Jujitsuing Reality: Documentary Shorts (Chetin Chabuk 2012): US
Reviewed by Lynn Montgomery. Viewed at Santa Barbara Film Festival.
I love documentaries. I especially love documentary shorts. When they are good, they are sublime, like a poem. I had high hopes for this year’s program. Ultimately, the quality of a shorts program depends on the personal taste of the programming director.
Meet Michael Albright, a man of great heart and a true poet’s sensibility. Of course Roger Durling has heart, everyone knows that, the man opens his mouth and I’m a believer.
Michael and Roger are not cynics. This year’s festival was the anti cynic film festival. Every film I saw enlightened the human condition and emboldened the independent filmmaker to touch people’s hearts, not just their adrenal glands. Michael says there were more than 3,000 submissions.

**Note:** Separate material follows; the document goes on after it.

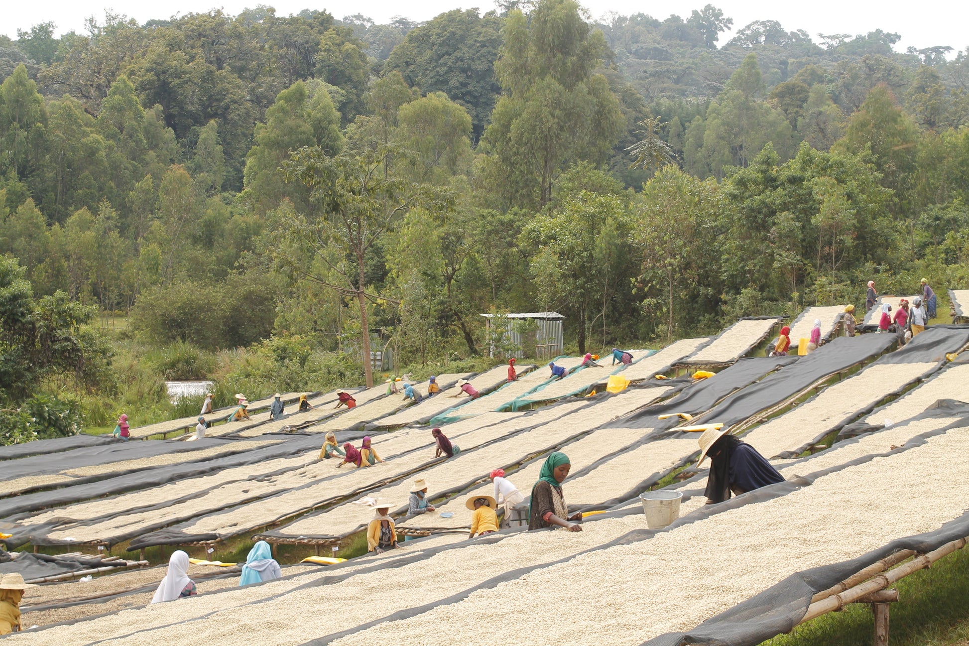 Toutes les cerises acceptées sont ensuite déposées en fines couches sur des lits surélevés pendant environ 18 jours. La station dispose de 280 lits de séchage. Chaque lit est identifié par un code qui simplifie le suivi de la traçabilité et de l'état de transformation.

When they discover an excellent movie, they still need to consider cohesion. How will this film play with another leading contender? Michael, Roger and their team came up with over 100 features and 0ver 50 shorts to include in this year’s festival.
Some shorts are a perfect fit to air before a particular feature, such as The Chef at the Little Washingtonplays before the excellent, audience award winning documentary, Spinning Plates. Some shorts are comedies, and some fit into a special category like examining issues in Israel and Palestine.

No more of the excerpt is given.